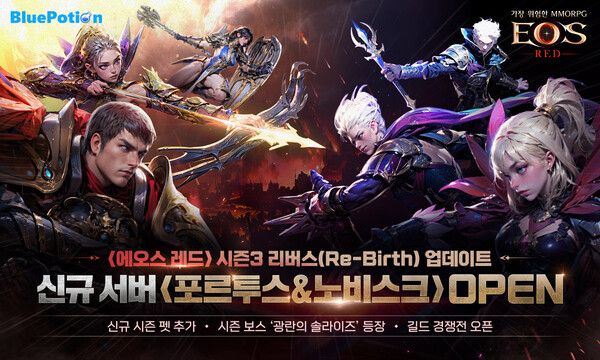 모바일 정통 MMORPG ‘에오스 레드’가 경험치 1,000% 성장특화 서버 ‘포르투스’, ‘노비스크’ 오픈과 함께 시즌 3: 리버스(Re-Birth)를 정식 업데이트 했다.
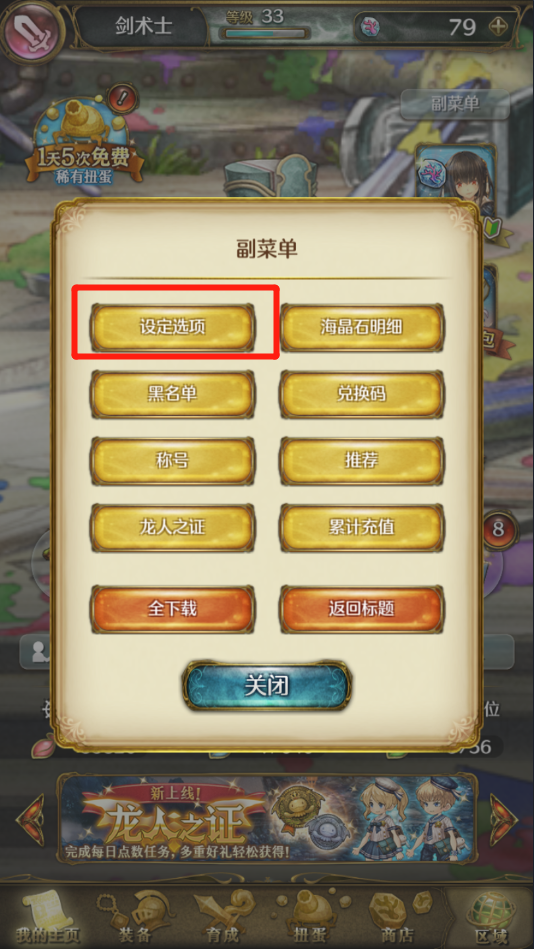 (2)如何调整:首先进入到游戏的主页面,点击右下角的“菜单”按钮,然后点击右上角的“副菜单”(小编已经在图片中标注出来)。副菜单中一般出现的都是设置类型的功能,点击左上角的“选项设定”就能查看并调整音乐、声效语音。
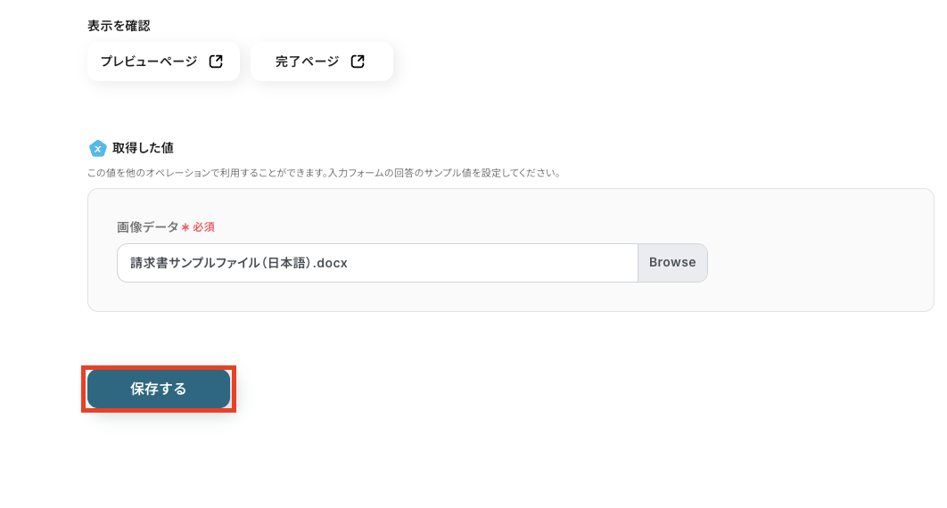 次の画面で、テストとして回答内容のサンプルデータをアップロードして、[保存する]をクリックしてください。
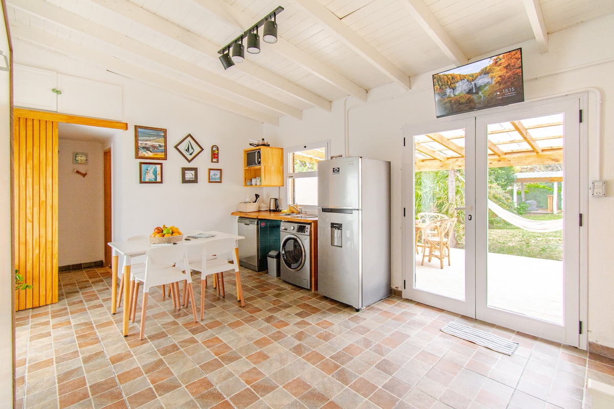 Vivi el campo y el mar a 400 metros de la playa Cruz del Sur. Disfrutá de un entorno natural y relajante. Se trata de una casa modular que construimos para disfrutar en familia y que decidimos alquilar en épocas de año en las que no la usamos. Posee un dormitorio con cama matrimonial que puede transformarse en 2 singles, una cocina totalmente equipada y un living con sillones y salamandra para la cual dejamos leña disponible. En el dormitorio hay una estufa. Cuenta con servicio de wifi.
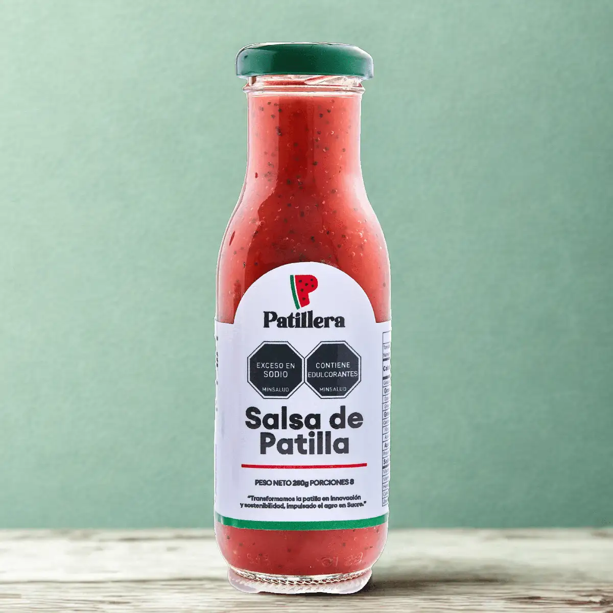 Una salsa única hecha con patilla, ideal para realzar carnes, quesos y platos gourmet con un toque dulce y fresco. Innovación y sabor en cada gota.
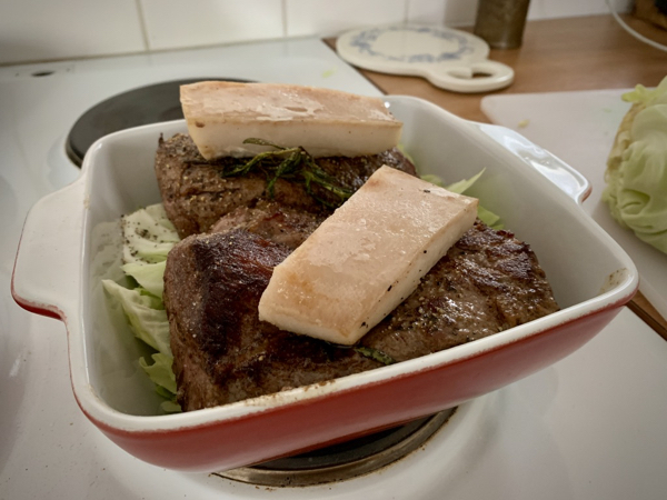 Pannuun lisäsin vielä paistoliemen ja 1 dl vettä sekä päällimmäiseksi silavapalat pitämään huolta siitä, että filee ei kuivu. Silava ei ehdi kokonaan sulaa uunissa, joten sillä voi sitten vaikka huoltaa pannut.
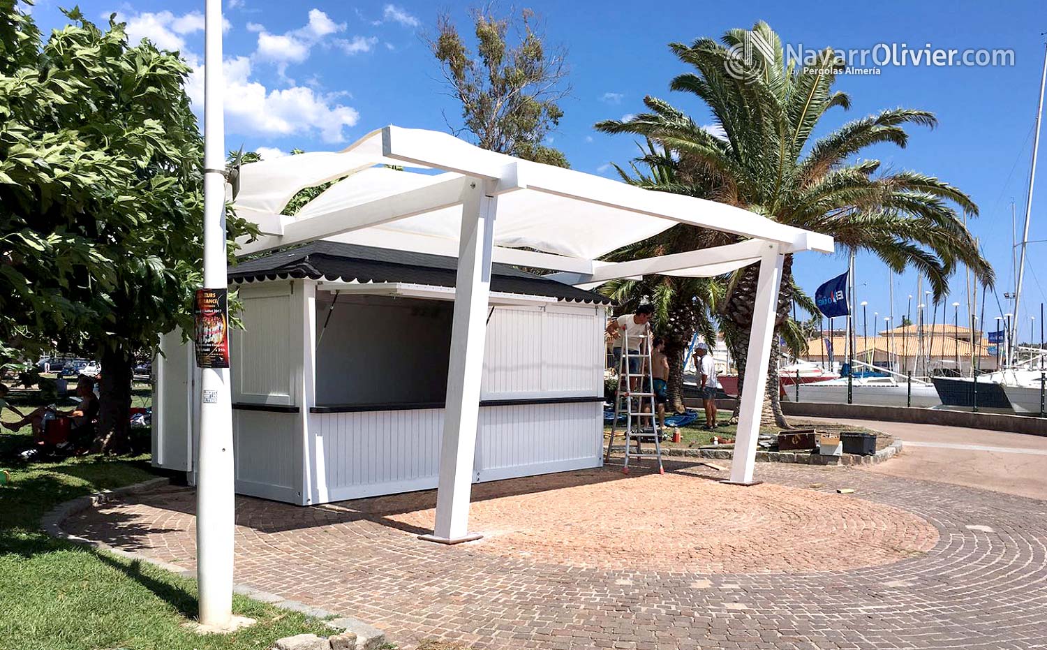 La construcción se transporta equipada con la instalación eléctrica sujeta a normativa lista para funcionar. El quiosco cuenta con una pérgola adosada construida en madera laminada con pilares extra plomados con cubierta en pvc micro perforado.
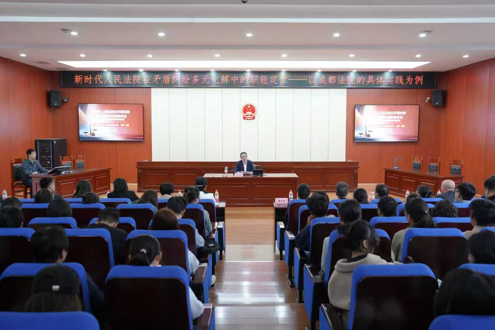 在与会嘉宾的共同见证下,郭琳佳与陈佑松分别代表双方签署合作框架协议。杨诚与郭勇共同为“法学实践教学与科研基地”揭牌,标志着校院合作正式启动。签约揭牌仪式后,郭勇陪同杨诚一行参观了青少年法治教育中心。随后,杨诚在校园法庭为师生作题为《新时代人民法院在矛盾纠纷多元化解中的职能定位——以成都法院具体实践为例》的专题讲座。
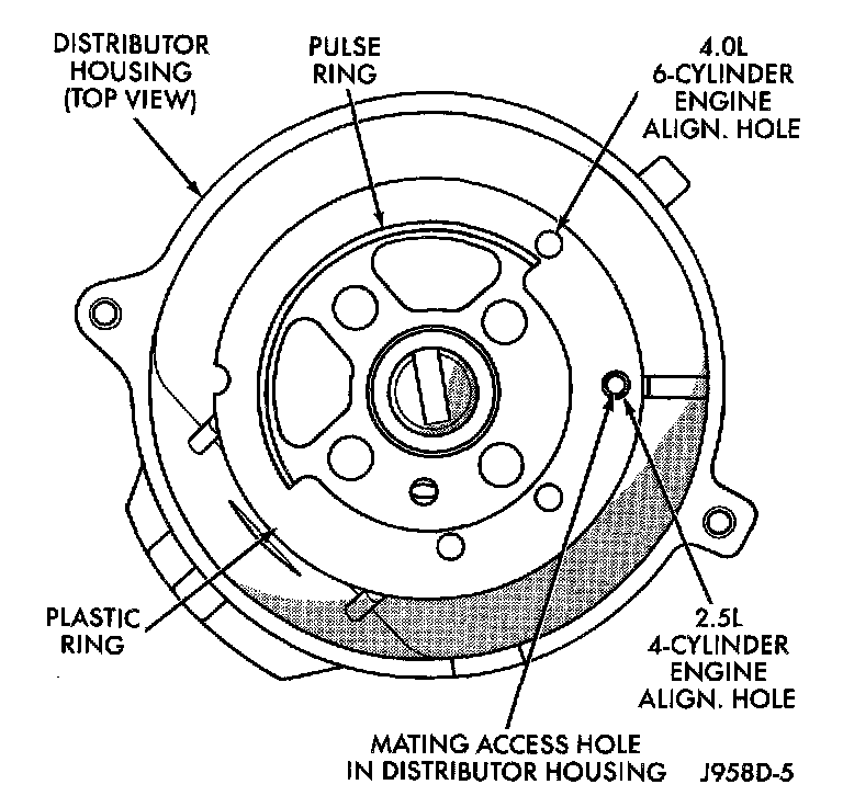 The distributor contains an internal oil seal that prevents oil from entering the distributor housing. The seal is not serviceable.Plastic Alignment Pin:
____
- Task description
Go down the entries above from the line containing "次の画面で、テストとして回答" to the line containing "Vivi el campo" and write out each line exactly, leaving pictures out.

- Response to the task
 次の画面で、テストとして回答内容のサンプルデータをアップロードして、[保存する]をクリックしてください。
 Vivi el campo y el mar a 400 metros de la playa Cruz del Sur. Disfrutá de un entorno natural y relajante. Se trata de una casa modular que construimos para disfrutar en familia y que decidimos alquilar en épocas de año en las que no la usamos. Posee un dormitorio con cama matrimonial que puede transformarse en 2 singles, una cocina totalmente equipada y un living con sillones y salamandra para la cual dejamos leña disponible. En el dormitorio hay una estufa. Cuenta con servicio de wifi.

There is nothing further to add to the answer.